Além das estradas, a empresa também trabalha com análise de fauna e estratégias para aeroportos, onde há problema de colisões, principalmente de aves com aeronaves. Neste caso, o que elas buscam é, principalmente, garantir a segurança humana e diminuir os custos que os acidentes geram, já que um avião não decola se não estiver 100% em condições. “No caso dos aeroportos, mais de 40% das colisões não têm a espécie identificada. O que sabemos é que as que colidem são aquelas não tão importantes para a questão da conservação. São espécies cuja população cresce por causa do homem”, diz Mariane.
ELAS CRIARAM UM DETECTOR DE ANIMAIS PARA ALERTAR OS MOTORISTAS
Além dos dez contratos vigentes, o negócio está trabalhando no desenvolvimento de um equipamento chamado “Passa-Bicho”, que é um sistema de detecção animal para facilitar e baratear os custos da mitigação de atropelamento nas rodovias. É uma parceria da ViaFAUNA com a Trapa Câmera (monitoramento fotográfico), feita com o financiamento do PIPE-FAPESP (Pesquisa Inovativa em Pequenas Empresas), que tem justamente o objetivo de financiar e incentivar a inovação em pequenos negócios.

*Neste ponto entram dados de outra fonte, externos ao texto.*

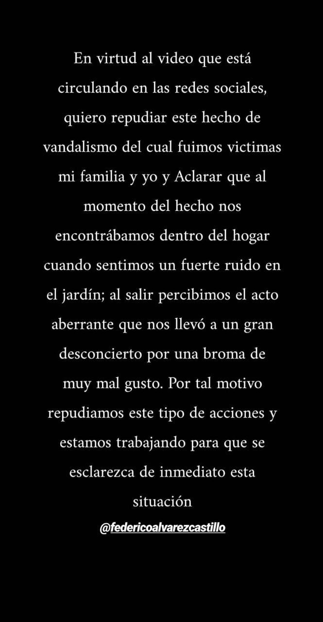 “En virtud al video que está circulando en las redes sociales, quiero repudiar este hecho de vandalismo del cual fuimos víctimas mi familia y yo; y aclarar que al momento del hecho nos encontrábamos dentro del hogar cuando sentimos un fuerte ruido en el jardín”.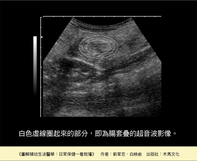 直覺有哪裡不對勁的軒媽決定將軒軒抱到兒科門診檢查。醫師在軒軒的肚子摸到一團腫塊,懷疑是腸套疊,便安排了超音波檢查。幸好有及時發現,才能靠著鋇劑灌腸將套疊住的腸子復位,順利化解了一場危機。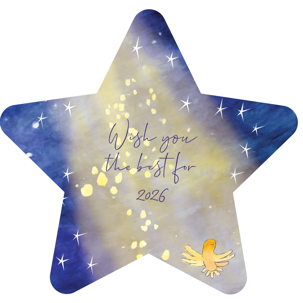 Super origineel is deze prachtige ster met lieve illustratie van kerstlicht in een sterrenhemel. Met tekening van duifjes. Lief, leuk, origineel en eigen kerstkaart voor de hele familie. De beste wensen voor 2025. (24348)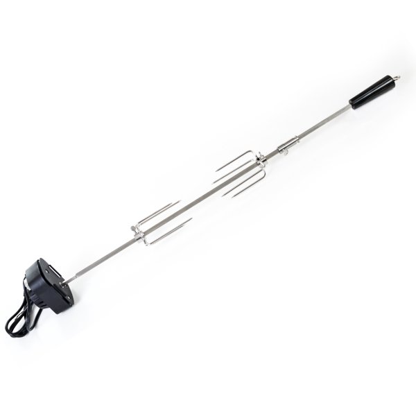 Z jedné strany je jehla opatřena odnímatelným plastovým držadlem, na kterém je praktické očko pro uchycení. Z druhé strany se nachází motorek v plastovém krytu, na kterém je umístěno tlačítko na zapínání / vypínání. Motorek s napětím 230 V jednoduše zapojíte do elektřiny pomocí kabelu v délce cca 125 cm. Motorek s jehlou otáčí rychlostí asi 2 otáčky za minutu, aby se připravovaný pokrm nepřipékal, ale pekl se rovnoměrně.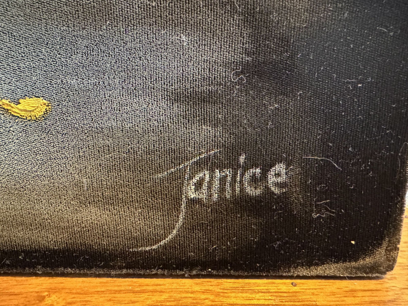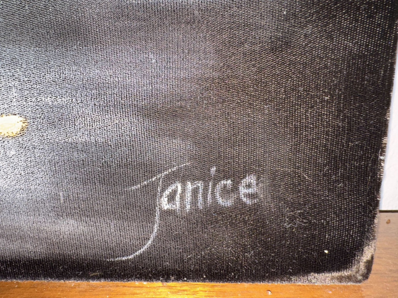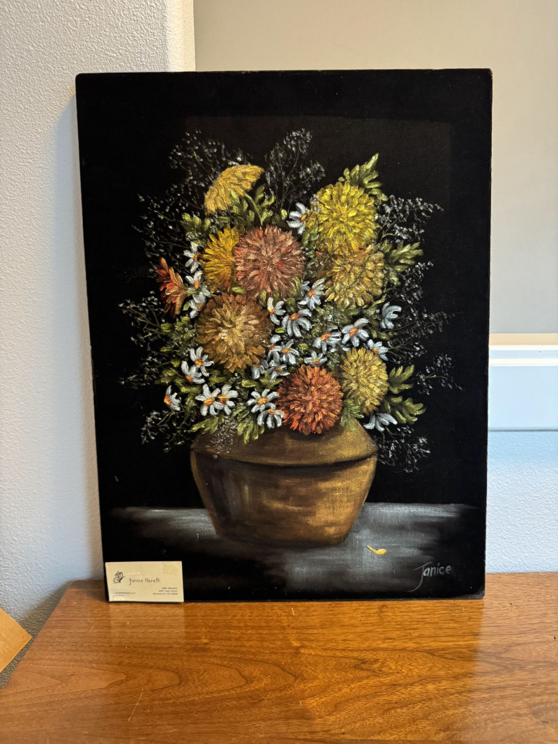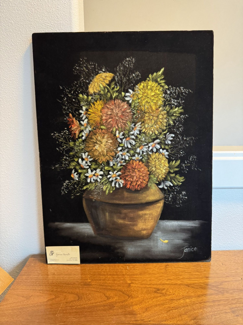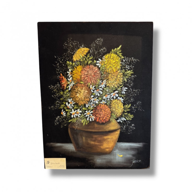 Original Floral Painting on Black Velvet by Janice Hereth - Signed.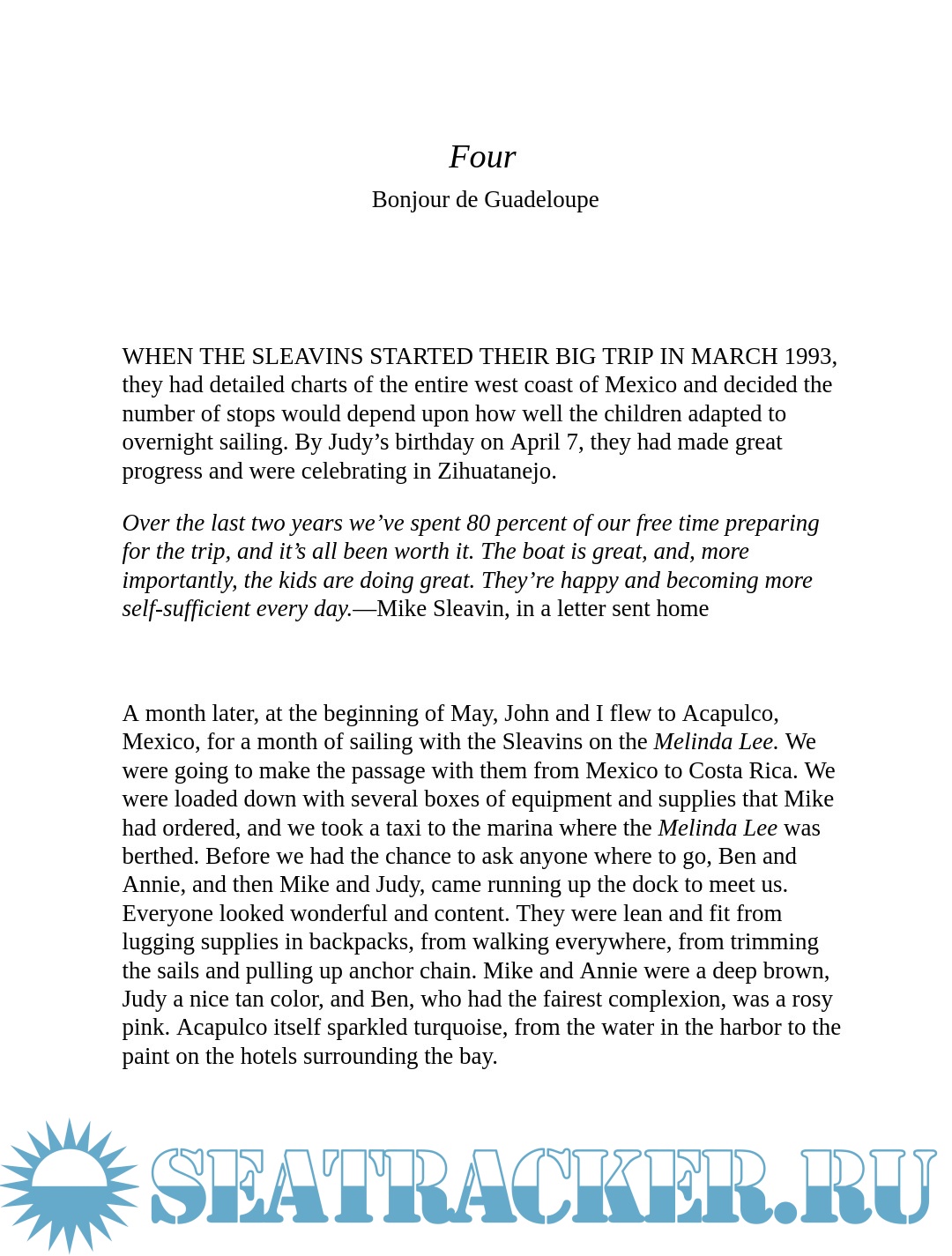 In 1993, Judith and Michael Sleavin and their two children set out to sail around the world. Three years into their incredible journey, a nearby freighter altered its course by a mere ten degrees-and everything changed...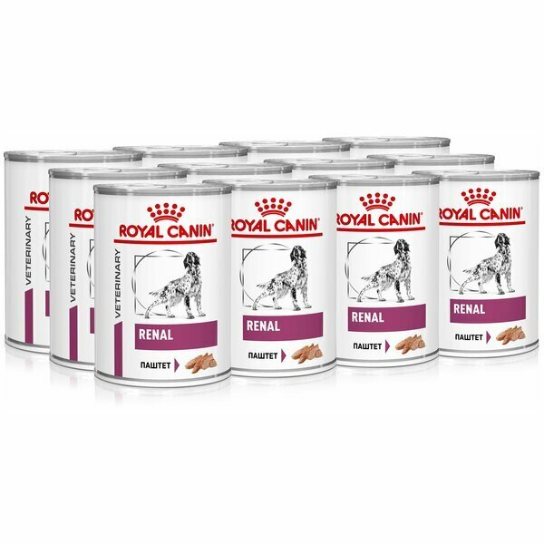 Консервы Royal Canin Renal для взрослых собак при почечной недостаточности, паштет 12х0,410кг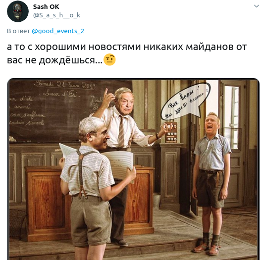 "А то с хорошими новостями никаких майданов от вас не дождёшься…" - иронизирует Sash OK @S_a_s_h__o_k, опубликовав шутливый коллаж с блогером-оппозиционером Алексеем Навальным, беглым бизнесменом Михаилом Ходорковским и американским финансистом Джорджем Соросом. При этом российские оппозиционеры изображены в роли учеников, а американец - в роли учителя.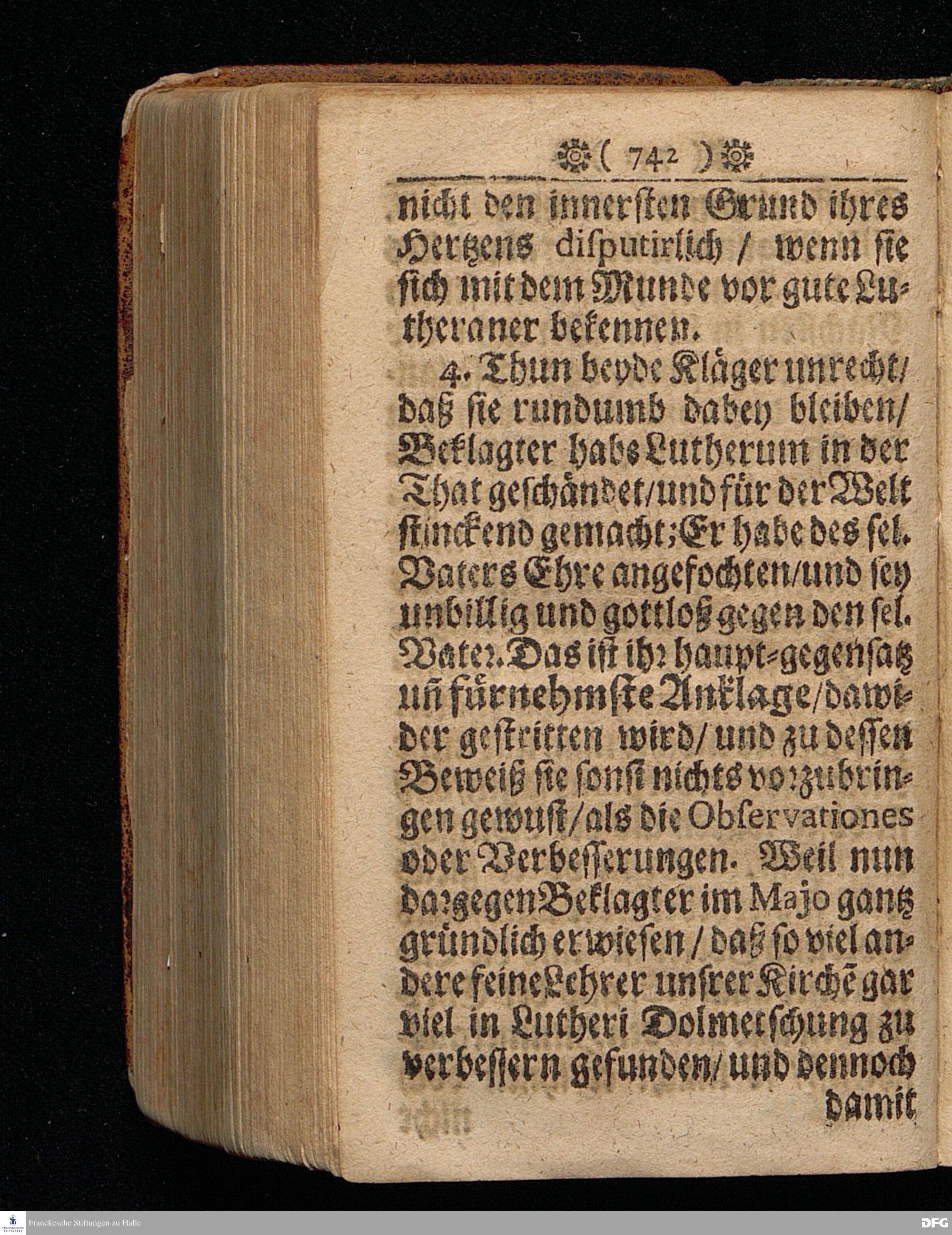 M.Aug.Hermann Franckens Gr.& Or.Lingg.Pr.Ord.& Past.Glauch. Fortsetzung Des warhaftigen Berichts Von denen Monatlichen OBSERVATIONIBUS BIBLICIS, Da noch ferner aus sehr vielen Schrifftstellen erwiesen wird Daß die teutsche Ubersetzung des sel.Lutheri aus dem Original=Text eine Verbesserung zulasse. Nebst dem Beweiß eines Anonymi daß die Hamburgische und Wittenbergische Interlocution Einrede und Klage gegen seine im Majo angefangene Schutz=Rede nicht richtig sey. JULIUS 1695. Halle / Gedruckt bey Christoph Salfelden.

O equipamento será colocado em pontos estratégicos das rodovias e um sensor de movimento detectará a passagem do animal e emitirá um sinal que acionará um painel luminoso ou uma luz piscante (ou um alerta via celular, que ainda está em estudo) para avisar aos motoristas sobre a travessia. Câmeras ainda ajudarão a identificar a espécie e o porte do animal.
O protótipo já foi desenvolvido e a próxima fase prevê testes em ambientes controlados e em rodovias parceiras. Mariane aposta muito na viabilidade do produto, principalmente, porque ele não precisa ser fixo em um ponto.
“A fauna, assim como a paisagem, muda com o tempo. Se a paisagem muda, o deslocamento da fauna também. Construir uma ponte ou túnel é caríssimo e não há mobilidade. No caso desse equipamento, ele pode ser colocado em outro ponto da rodovia quando necessário”, diz.
Porém, as sócias sabem que um trabalho de educação ambiental com toda a sociedade será necessário para que a proposta seja realmente efetiva, já que o motorista será alertado da travessia e vai precisar mudar sua forma de condução — seja reduzindo a velocidade ou até parando o veículo. De qualquer forma, essa questão está no DNA da ViaFAUNA, que nasceu dentro da academia e acredita que não basta apenas ter tecnologia, mas também uma mudança de comportamento para que o desenvolvimento sustentável aconteça.